Scout from DeValls Bluff to Augusta (November 22–24, 1864)
Union brigadier general Christopher Columbus Andrews issued orders on November 20, 1864, for a combined infantry-cavalry detachment to go up the White River to Augusta to capture Confederate soldiers and determine the location of rebel forces in the region. Andrews suggested landing 100 infantrymen on the north shore of the Little Red River, after which they would march overland to a location across the White River from Augusta. The remaining fifty infantrymen and fifty cavalry troopers would then steam up the White so that the foot soldiers could surround Augusta and the horsemen would scout “down the rich country called the Point, taking prisoners, able-bodied negro men, and stock” before re-embarking and joining the infantry at the Little Red. “By great promptitude and rapidity of movement the country visited can be surprised, in which case, doubtless, some important prisoners can be captured,” Andrews wrote. “Economize every minute; thoroughly search every house and out building where there is a probability of there being any rebels secreted.”

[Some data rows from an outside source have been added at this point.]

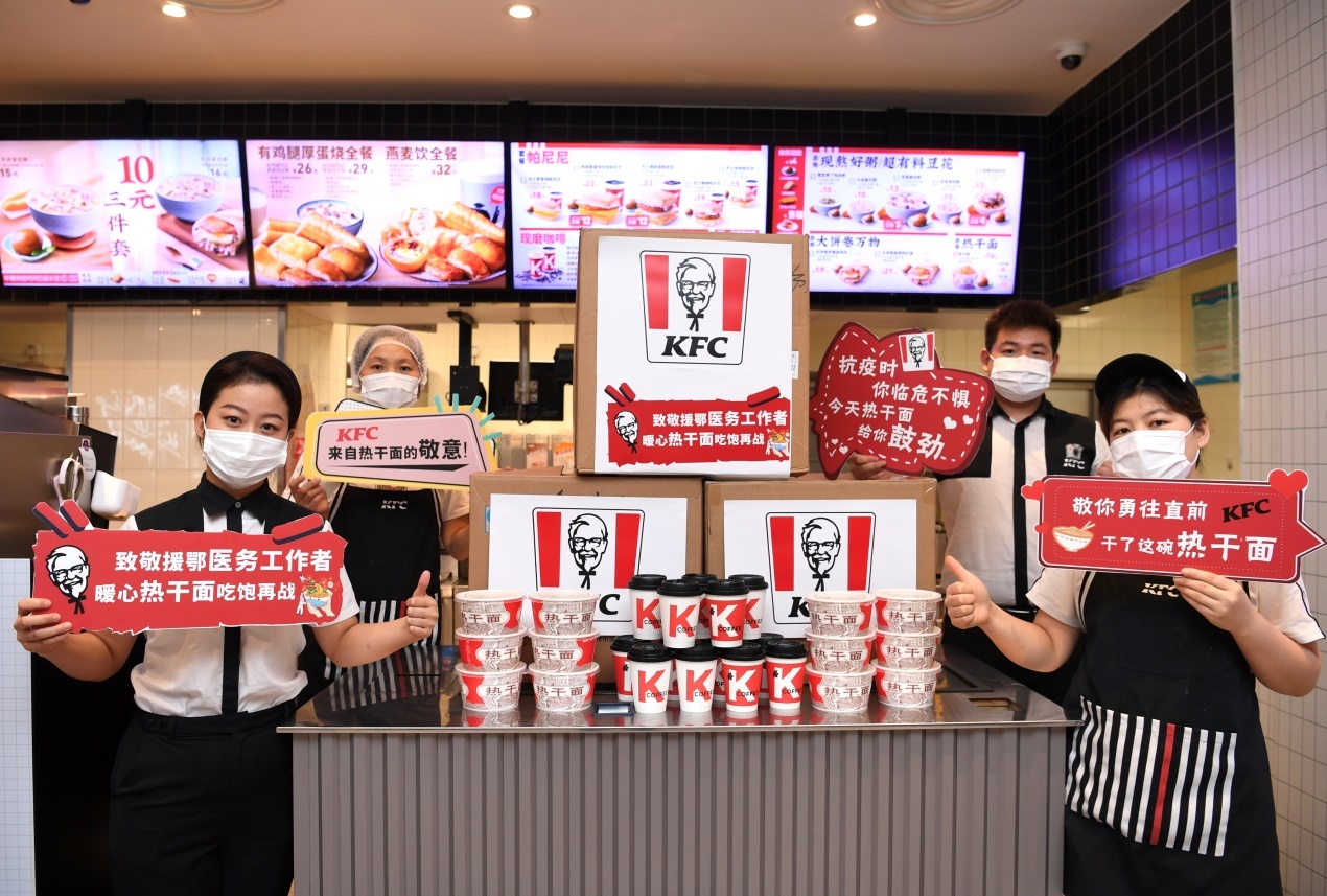 新冠疫情最为严重期间,肯德基在多地为医护工作者送餐,用自己的实际行动支持抗疫。随后肯德基在武汉率先推出热干面新品,为这座城市加油。“未尝热干面,先闻芝麻香”,肯德基热干面在武汉推出的一刻,便受到当地消费者的热烈欢迎。
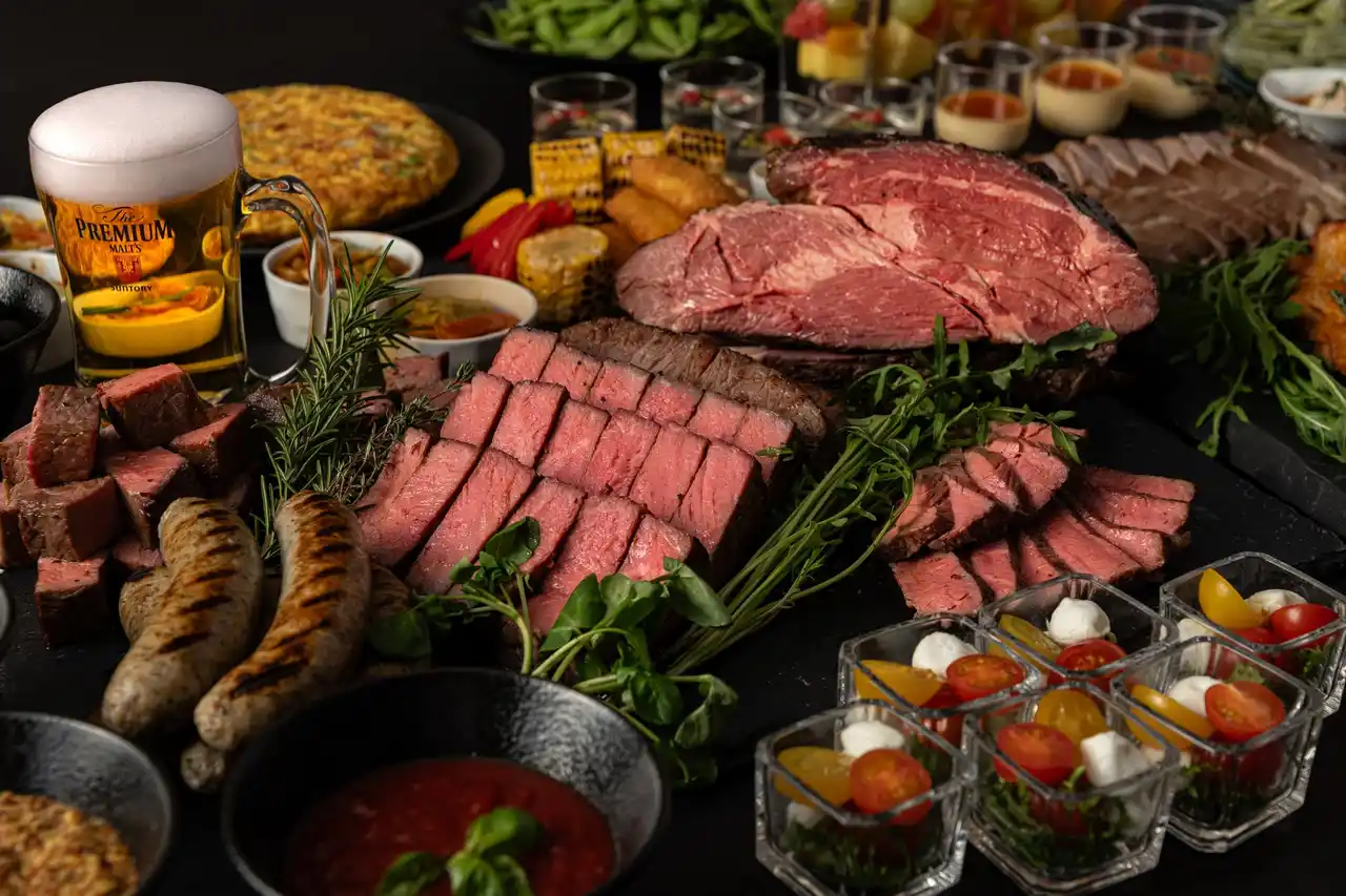 鉄板焼きビーフステーキ/鉄板焼きポークステーキ/鉄板焼きハーブソーセージ/低温調理チキンのクリーミービスクソース/彩グリーンサラダ/バーニャカウダ アンチョビクリームソース/モッツァレラチーズとトマトのカプレーゼ風/白身魚のカダイフ巻き/トルティージャ風スペインオムレツ/アゴーラ黒カレー/チュロス/カスタードプリン/ソフトクリーム/フルーツカクテルヨーグルト/フルーツ(パイナップル・ぶどう・オレンジ・グレープフルーツ)/フルーツゼリーなど |
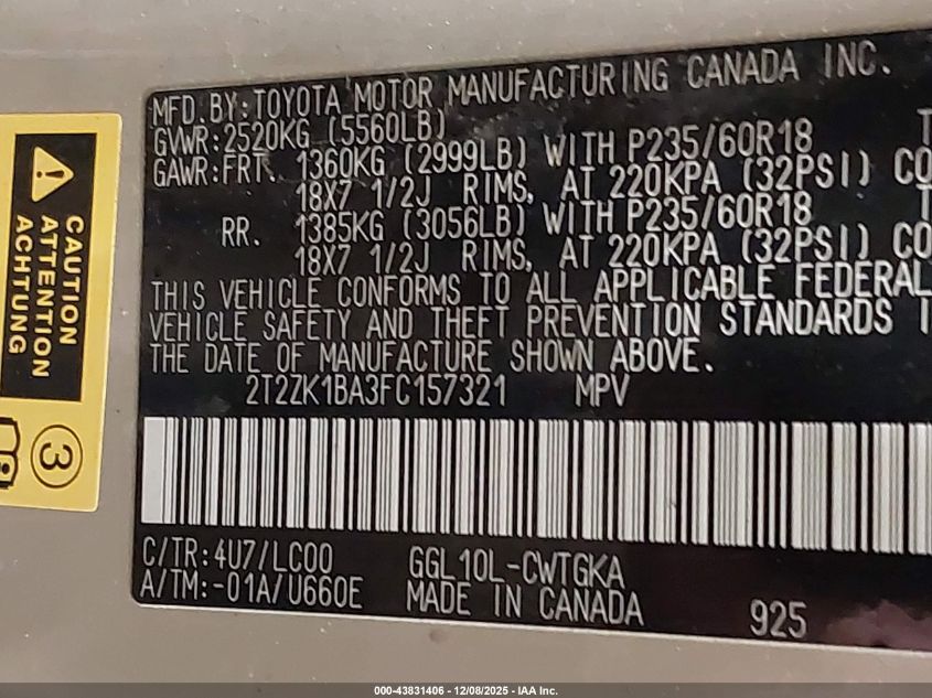 Цвет БежевыйЦилиндры 6Привод Передний приводVIN 2T2ZK1BA3FC157321Состояние Заводится и едет (проверено)Повреждения Передняя или задняя AutoRIA
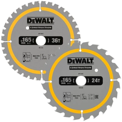Dewalt DT90270 Construction Circular Saw Blade 2 Pack 165 x 20mm 24T/36T
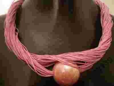 wykonany ze sznurka lnianego w kolorze różowym na który zapleciona została duża, błyszcząca, szkliwiona porcelanowa kula( ok.3 cm.) w kolorze brudnego różu

Captain Henry S. Goodspeed of the Sixty-first Illinois Infantry Regiment led 150 men of the Sixty-first and a cavalry detachment aboard the steamboat Mattie on November 21, 1864, to conduct the raid. The infantrymen hit Augusta at 4:00 a.m. on November 23, but the Mattie had approached too near the town, alerting and allowing fifteen men in a Confederate picket party to escape. They were able to capture three lieutenants and three other soldiers, however, and the cavalry were dropped off at Des Arc (Prairie County) to scout along the White River; they would go as far as a saltworks west of the White before the entire command returned to DeValls Bluff on November 24.
In addition to capturing the six soldiers, they learned that two battalions containing 800 men led by Washington McDaniel and another man identified only as Tucker were stationed on the levee above Augusta and that Confederate soldiers under colonels Thomas McCray and Archibald Dobbins were roaming east of the Cache River, most likely near Cotton Plant (Woodruff County).
While largely uneventful, the scout from DeValls Bluff to Augusta was typical of the intelligence-gathering operations conducted by the Union outposts stationed along the White and Arkansas Rivers in the latter months of the Civil War.
For additional information:
Hewett, Janet B., et al., eds. Supplement to the Official Records of the Union and Confederate Armies, Part II, Vol. 12, pp. 492, 521. Wilmington, NC: Broadfoot Publishing Co., 1995.
The War of the Rebellion: A Compilation of the Official Records of the Union and Confederate Armies, Series I, Vol. 41, part 1, p. 935; part 4, pp. 628, 639–640. Washington DC: Government Printing Office, 1893.